Items from a dataset:
========================================

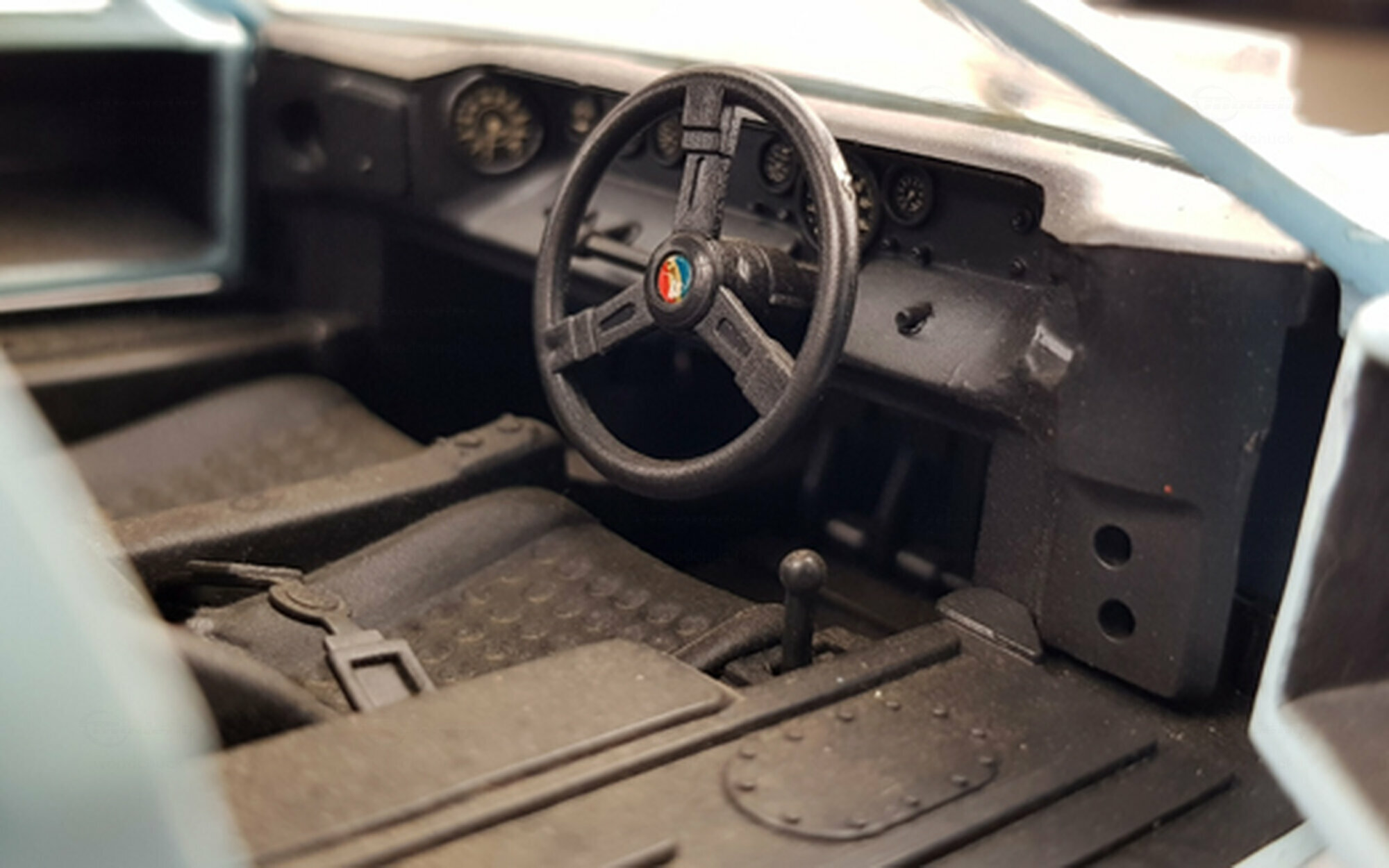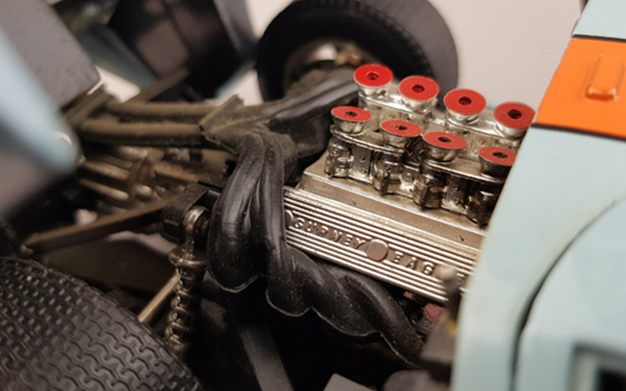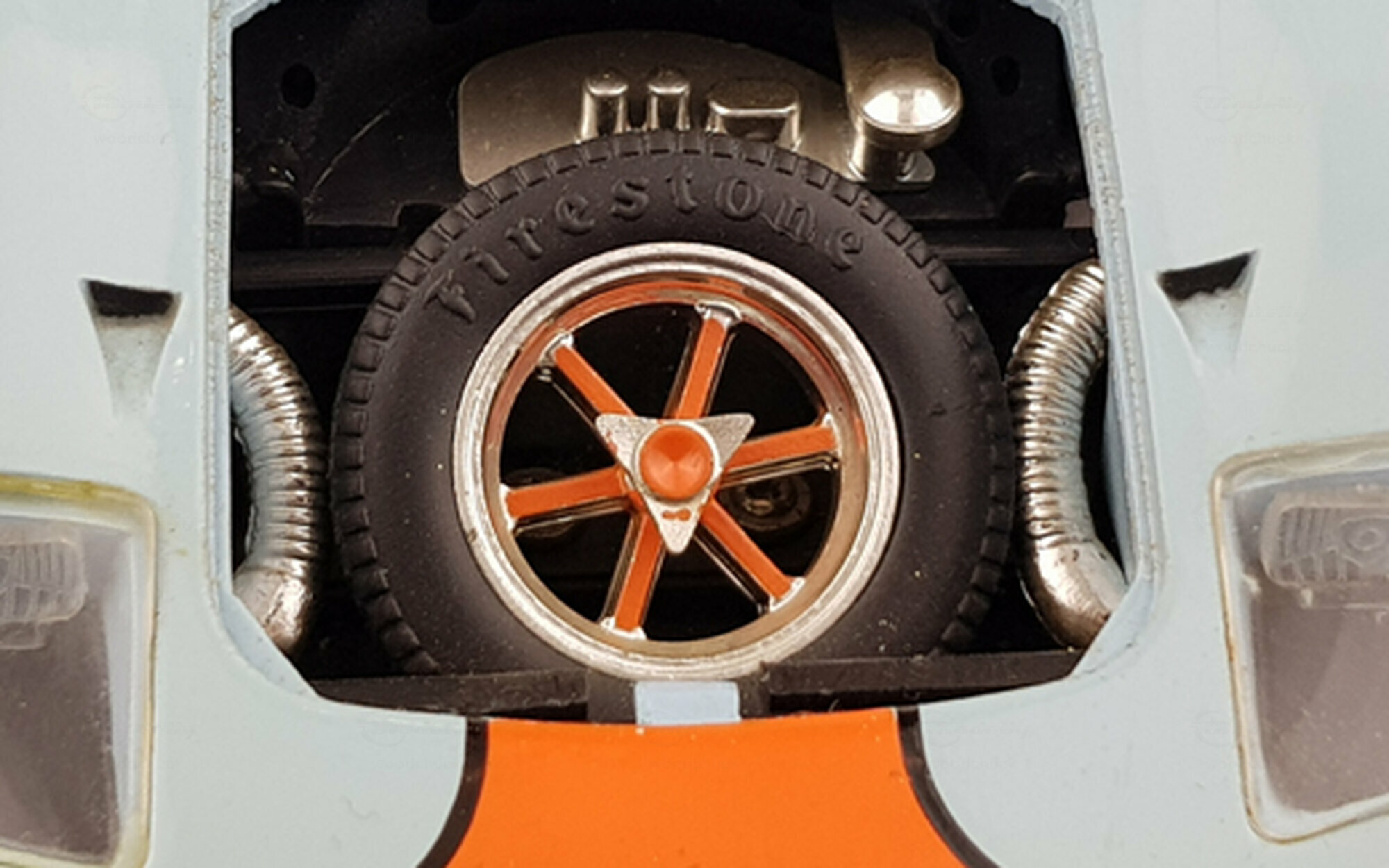 den Gulf Oil Farben Hellblau und Orange gehalten und ebenso wie der Metallguss
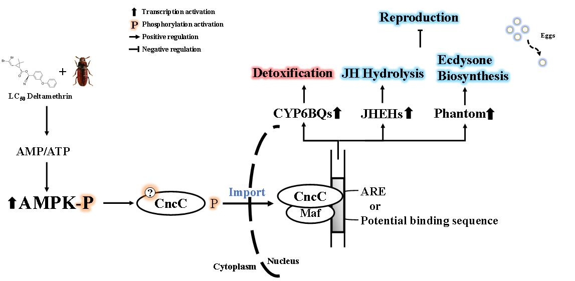 本文研究结果表明,溴氰菊酯诱导的氧化胁迫可以激活AMPK,AMPK通过磷酸化促进CncC入核,导致解毒代谢相关基因的上调表达以及调控生殖的激素水平失衡,表明多效性AMPK/CncC信号通路介导了赤拟谷盗解毒代谢与生殖权衡。审稿专家评论认为该研究为全面认识整个动物界外源化合物及其产生的氧化应激影响生殖的内在机制做出了重要而突出的贡献(“Overall, the studies make an important singular contribution because they establish a mechanistic basis for how xenobiotic and coordinate oxidative stresses can override reproduction across all animal taxa”)。
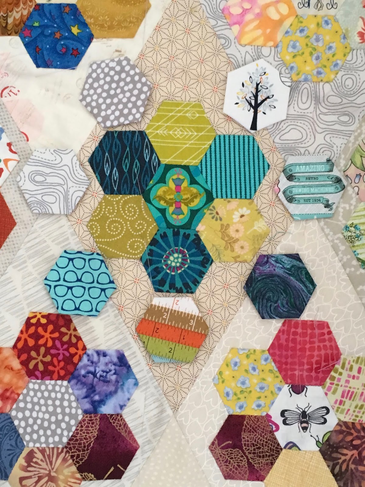 Week 9 - I-Spy - hexies are hidden amongst the Kingfisher quilt ones.
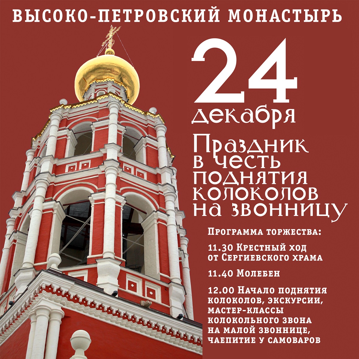 В праздничный день после воскресной Литургии от Сергиевского храма ко Святым вратам пройдет Крестный ход. Здесь будет совершен молебен, после которого начнется поднятие колоколов. Гости монастыря тем временем смогут согреться монастырским чаем из дровяных самоваров, попробовать знаменитые «Петровские» пирожки, поучаствовать в мастер-классе колокольного звона и попробовать свои силы на малой звоннице.
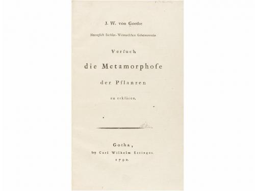 1790. LIBRO. (LITERATURA). GOETHE, JOHANN WOLFGANG VON:. VERSUCH DIE METAMORPHOSE DER PFLANZEN ZU ERKLÄREN. Carl Wilhelm Ettinger: Gotha, 1790. 8º mayor. 3 h. + 86 p. + 1 h. Páginas limpias y márgenes anchos. Enc. en media tela y puntas con papel al agua. Presentamos la PRIMERA EDICIÓN de esta obra, sin duda la más importante de Goethe en el ámbito científico. Autor polifacético, máximo exponente de la intelectualidad romántica. Obra capital de la biología botánica, en la que Goethe desarrolla la metamorfosis de las plantas a través de la morfología comparada, es considerada como precursora de las teorías darwinistas. Exlibris de anterior poseedor, sello seco; pequeñas anotaciones a lápiz de anterior poseedor en el interior de la cubierta anterior y portada.
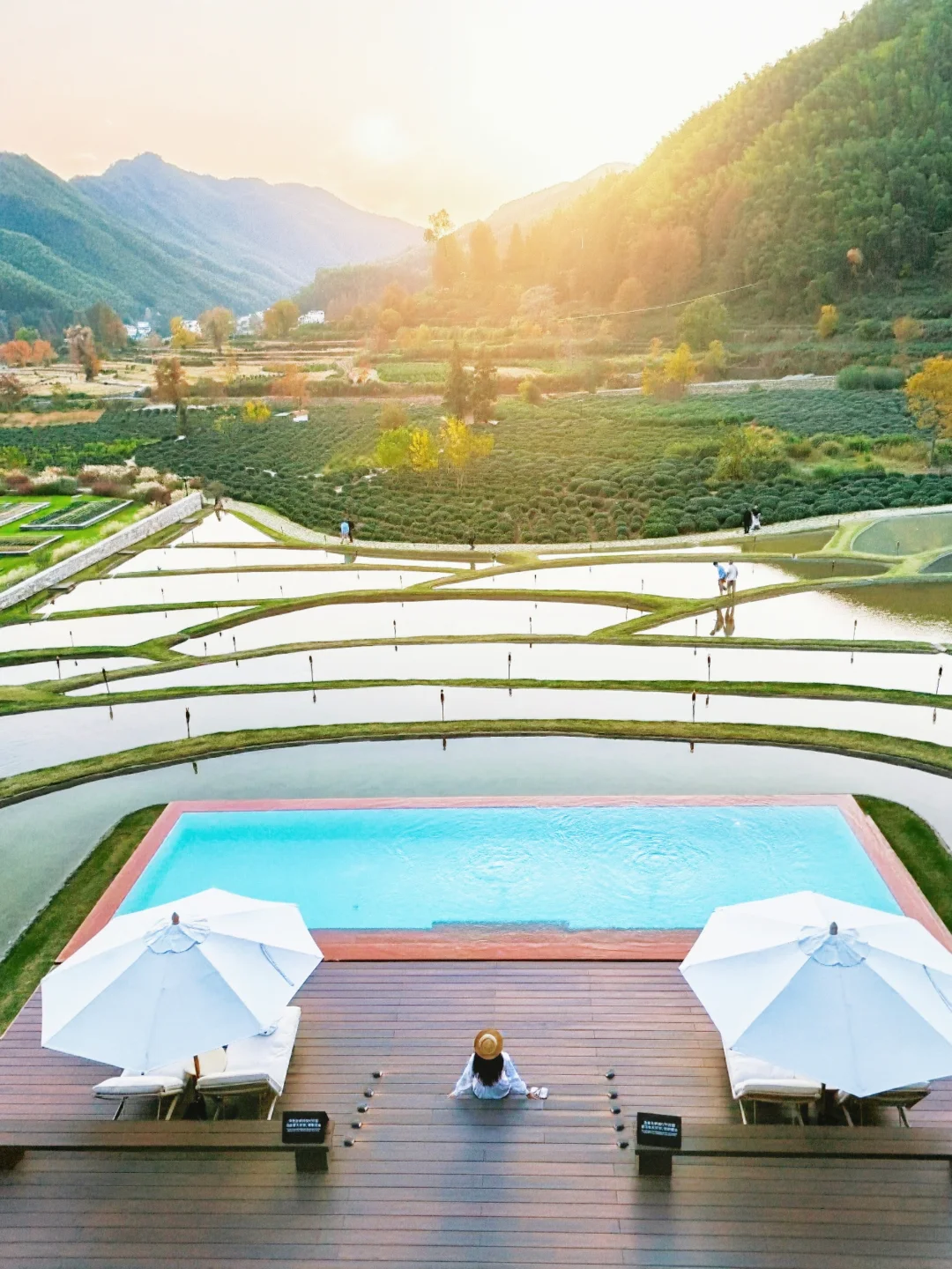①庄园离卢村观景台只有几百米,有小路直通,走过去十几分钟很方便
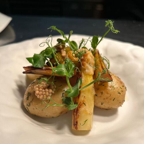 First things first: you should make a reservation, because the Bouvier family's small restaurant only has four tables (which explains the name ‘BOU4’). Junior manager Julian Bouvier attentively looks after a maximum of 14 guests. Head chef Christoph Gschwendtner is also part of the team – he proudly presents his creations personally at the table. His cuisine is classically French, with Asian or Oriental accents providing variety. The cooking is elaborate and technically demanding, with a clear focus on flavour. Passion and skill are evident even in the snacks served beforehand, such as the beautifully crafted, juicy and golden-brown baked veal head praline with fleur de sel and sauce gribiche. You can choose between a four or six-course menu, which changes weekly. All guests start at 6 p.m. A special detail of the straightforward, modern interior are the curved black wooden tables. The restaurant is located in the Hotel Jägerhof.

========================================

> [EXERCISE PROMPT]:
Copy every record exactly, leaving the pictures out.

> [FINAL ANSWER]:
 den Gulf Oil Farben Hellblau und Orange gehalten und ebenso wie der Metallguss
 本文研究结果表明,溴氰菊酯诱导的氧化胁迫可以激活AMPK,AMPK通过磷酸化促进CncC入核,导致解毒代谢相关基因的上调表达以及调控生殖的激素水平失衡,表明多效性AMPK/CncC信号通路介导了赤拟谷盗解毒代谢与生殖权衡。审稿专家评论认为该研究为全面认识整个动物界外源化合物及其产生的氧化应激影响生殖的内在机制做出了重要而突出的贡献(“Overall, the studies make an important singular contribution because they establish a mechanistic basis for how xenobiotic and coordinate oxidative stresses can override reproduction across all animal taxa”)。
 Week 9 - I-Spy - hexies are hidden amongst the Kingfisher quilt ones.
 В праздничный день после воскресной Литургии от Сергиевского храма ко Святым вратам пройдет Крестный ход. Здесь будет совершен молебен, после которого начнется поднятие колоколов. Гости монастыря тем временем смогут согреться монастырским чаем из дровяных самоваров, попробовать знаменитые «Петровские» пирожки, поучаствовать в мастер-классе колокольного звона и попробовать свои силы на малой звоннице.
 1790. LIBRO. (LITERATURA). GOETHE, JOHANN WOLFGANG VON:. VERSUCH DIE METAMORPHOSE DER PFLANZEN ZU ERKLÄREN. Carl Wilhelm Ettinger: Gotha, 1790. 8º mayor. 3 h. + 86 p. + 1 h. Páginas limpias y márgenes anchos. Enc. en media tela y puntas con papel al agua. Presentamos la PRIMERA EDICIÓN de esta obra, sin duda la más importante de Goethe en el ámbito científico. Autor polifacético, máximo exponente de la intelectualidad romántica. Obra capital de la biología botánica, en la que Goethe desarrolla la metamorfosis de las plantas a través de la morfología comparada, es considerada como precursora de las teorías darwinistas. Exlibris de anterior poseedor, sello seco; pequeñas anotaciones a lápiz de anterior poseedor en el interior de la cubierta anterior y portada.
①庄园离卢村观景台只有几百米,有小路直通,走过去十几分钟很方便
 First things first: you should make a reservation, because the Bouvier family's small restaurant only has four tables (which explains the name ‘BOU4’). Junior manager Julian Bouvier attentively looks after a maximum of 14 guests. Head chef Christoph Gschwendtner is also part of the team – he proudly presents his creations personally at the table. His cuisine is classically French, with Asian or Oriental accents providing variety. The cooking is elaborate and technically demanding, with a clear focus on flavour. Passion and skill are evident even in the snacks served beforehand, such as the beautifully crafted, juicy and golden-brown baked veal head praline with fleur de sel and sauce gribiche. You can choose between a four or six-course menu, which changes weekly. All guests start at 6 p.m. A special detail of the straightforward, modern interior are the curved black wooden tables. The restaurant is located in the Hotel Jägerhof.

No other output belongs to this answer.